Intuitive explanation of why entropy maximizes in a uniform distribution?

roland

What is the best mathematical, intuitive explanation of why entropy maximizes in a uniform distribution? I'm looking for a short proof using the most elementary mathematics possible.

Please no explanation like "because entropy was designed in this way", etc...

https://en.wikipedia.org/wiki/Entropy_%28information_theory%29#Definition

What is the best mathematical, intuitive explanation of why entropy maximizes in a uniform distribution? I'm looking for a short proof using the most elementary mathematics possible.

Please no explanation like "because entropy was designed in this way", etc...

https://en.wikipedia.org/wiki/Entropy_%28information_theory%29#Definition

Imagine you have two unknown bits, generated uniformly at random. What's the fastest way to learn them by asking yes or no questions?

1) Ask whether the first bit is 0, then do the same for the second bit. This way you always spend two questions.

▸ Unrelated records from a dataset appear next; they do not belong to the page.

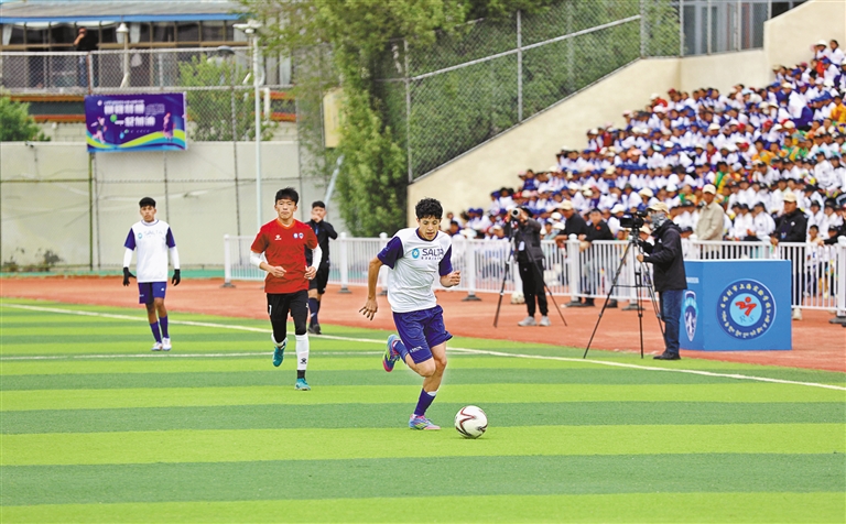 以球为媒,“球”同存“谊”。5月20日下午,中国日喀则市珠峰雪鹰队与阿根廷萨尔塔普纳队在日喀则市上海实验学校体育场上演了一场跨越山海的青少年足球友谊赛。赛场上,双方球员迅速进入状态,团结配合、积极拼抢,用细腻的脚法,或急停、或变向、或假动作,轻松晃过对手,射门得分,给观众呈现了一场精彩的足球比赛。
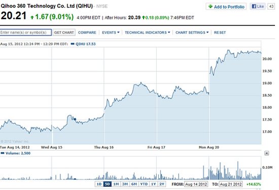 360最近股價(jià)大幅提升,截止今日360收盤價(jià)位20.21美元,上漲1.67美元,漲幅高達(dá)9.01%。自360傳出做搜索以來(lái)其股價(jià)已持續(xù)上漲。
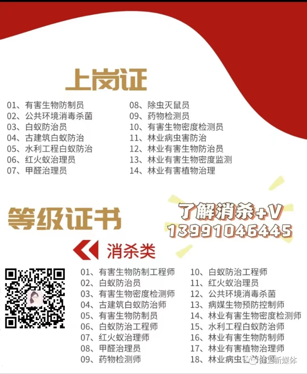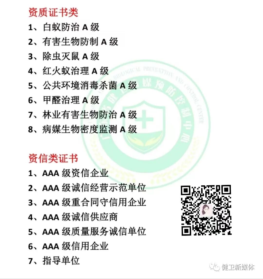 有害生物防制A级资质 《健卫新媒体》主 管:健卫新媒体(深圳)集团有限公司 主 办:健卫新媒体融媒体中心 编委会 主编:刘飞 副主编:党佳燕 编委:罗纯 袁云坤 杨芬 刘飞 党佳燕 唐声烨 汪伟华 李悦兰 刘金花 投稿微信:JWTV2022(原创作品授权,涉及版权请联系平台)未经允许音频禁止下载违者必究平台部分图片来自网络,如有侵权告知删除 部分资料素材来源:网络侵删 了解更多消杀行业资讯、办理消杀资质人员证、增项消杀业务请扫描二维码资讯 关注我获得 更多精彩 |
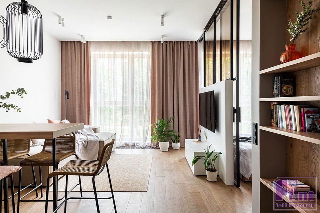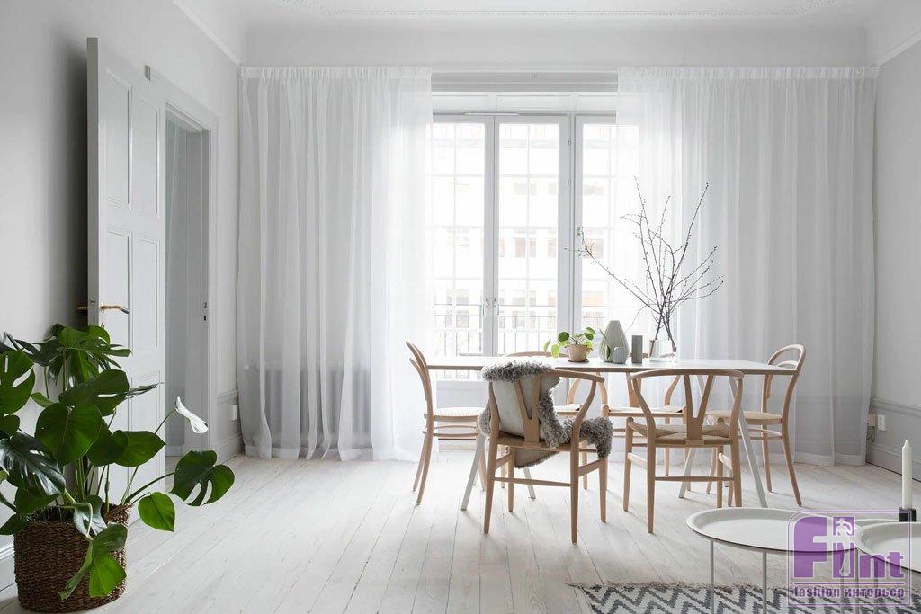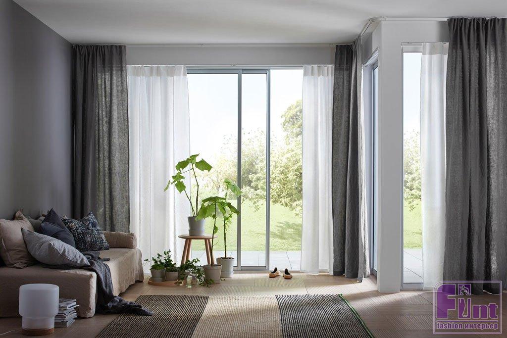 Уже несколько лет один из самых трендовых вариантов применения прозрачных занавесок — использовать их самостоятельно. Этот приём хорош тем, что окно остается более открытым, в комнату проникает больше естественного света — это важно и для маленьких, и для больших пространств. Чтобы находиться в помещении было комфортно, лучше выбирать тюль из более плотной ткани: того же льна или, например, шифона.
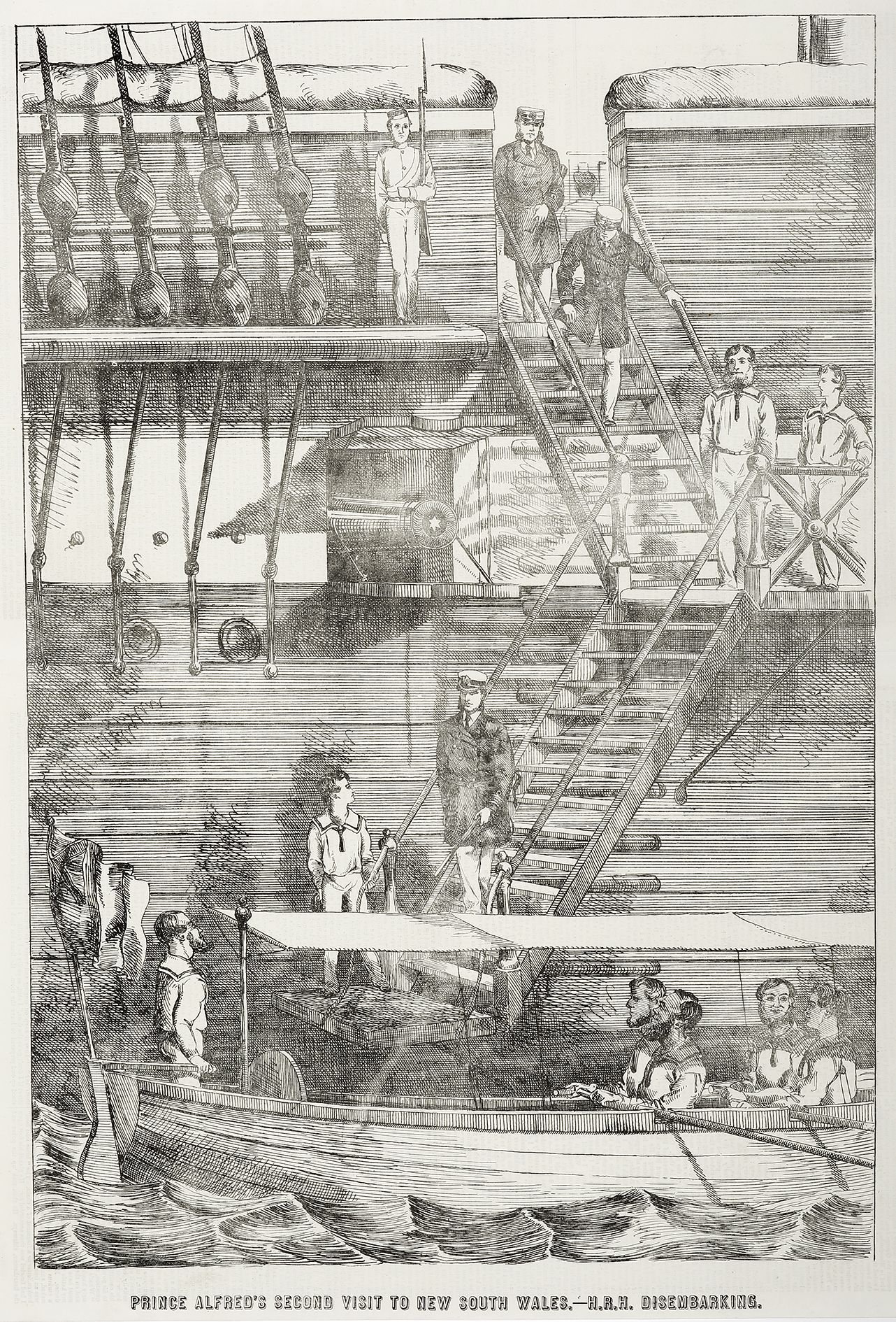 Very rare large engraving depicting the Prince Alfred returning to Sydney the year after the attempted assassination attempt on his life, during his visit in Sydney in 1868.
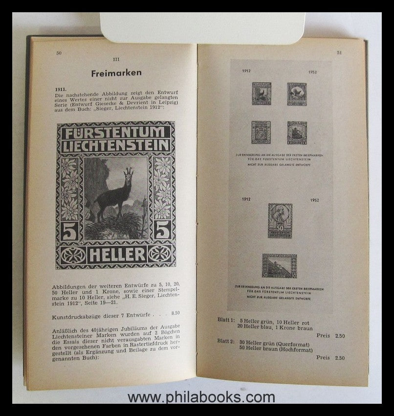 Sieger, Liechtenstein Handbuch und Katalog 1953, 3. Aufl., 272 S., enthält Vorphilatelie, Vor- und Mitläufer Österreich/ Schweiz, Marken, Ganzsachen, Probedrucke, Essais, Stempel, Luft/Zeppelinpost, Feldpost etc., Festeinband, Einband etwas ausgebleicht, ansonsten gutes, offensichtlich unbenutzes Ex., nicht häufig #1233
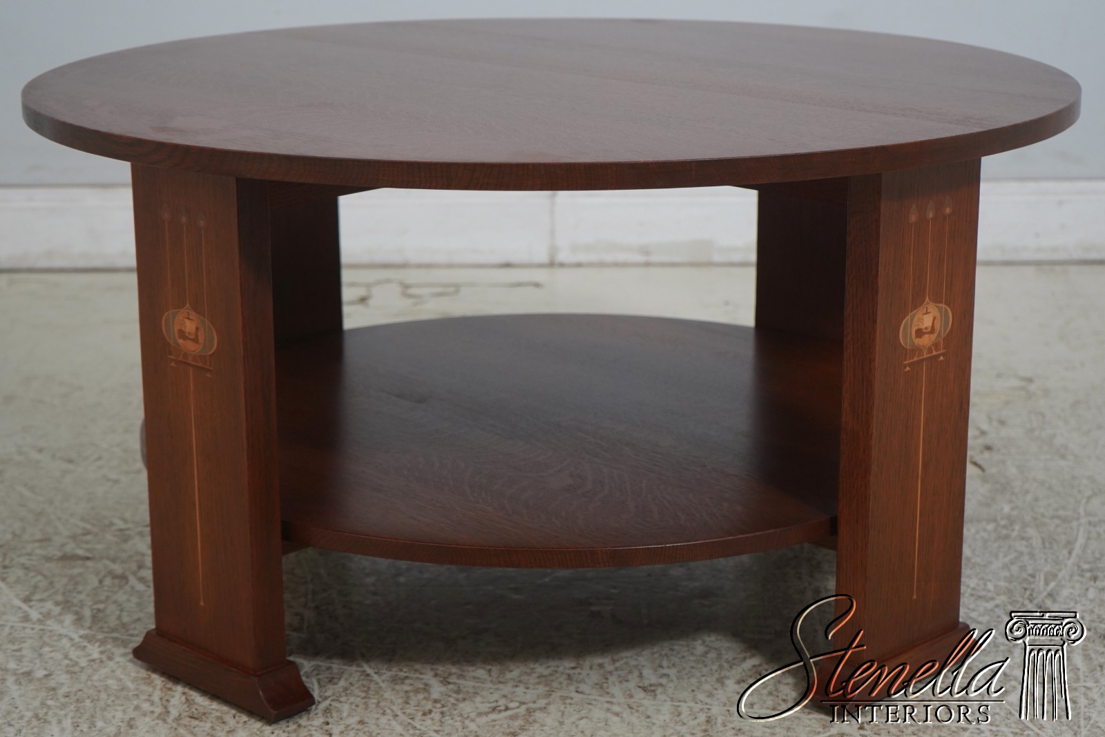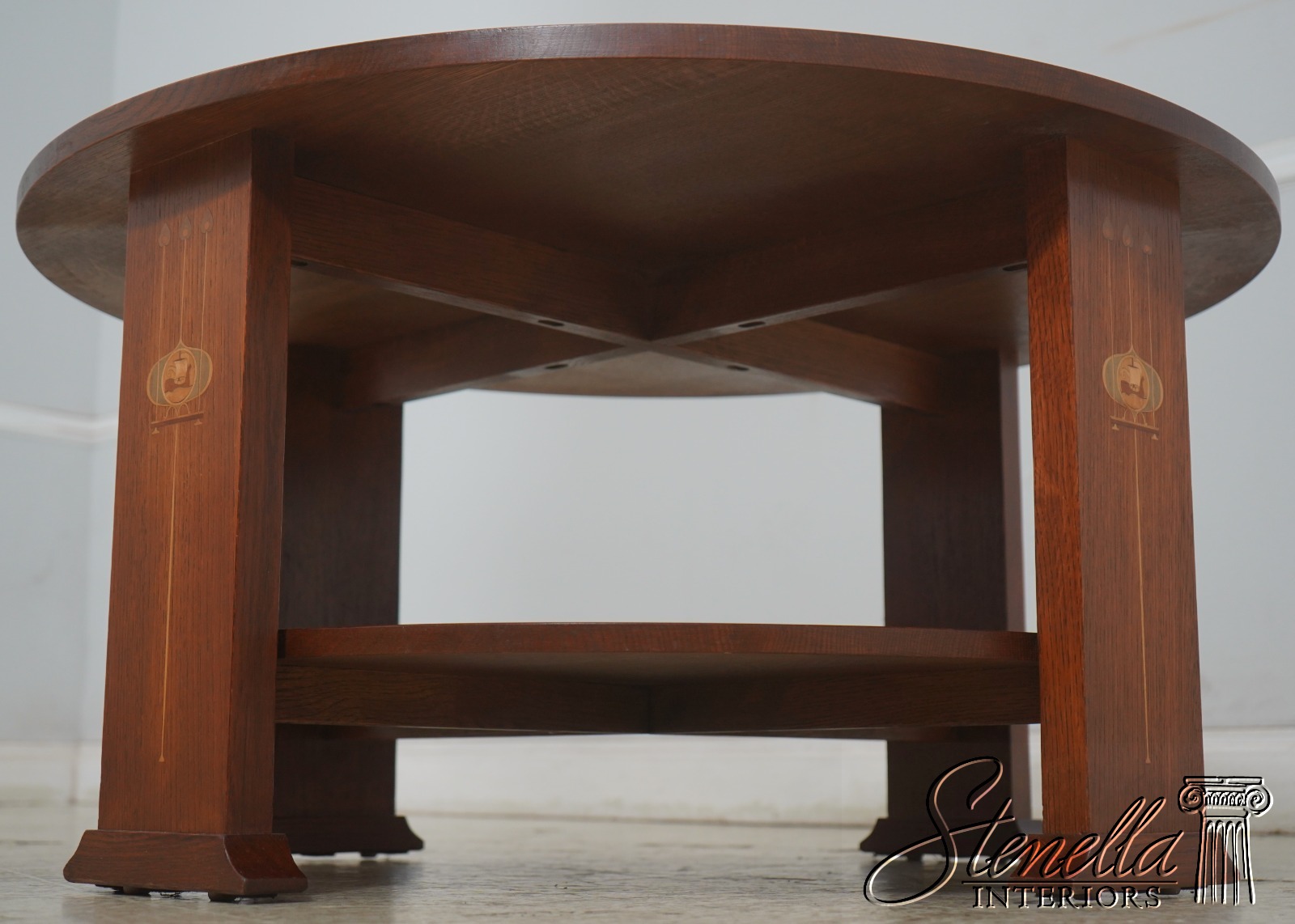 70394: STICKLEY Mission Oak Round Harvey Ellis Cocktail Coffee Table

2) First ask whether the bits are 00. If yes, you win. Otherwise ask the remaining questions in any way you like. This works out to 9/4 questions on average, which is worse than the first method.

Moral of the story: if you want to learn information as fast as possible, you must split the search space in equal parts. That's the same as saying that a uniform distribution has maximum self-information, i.e. maximum entropy.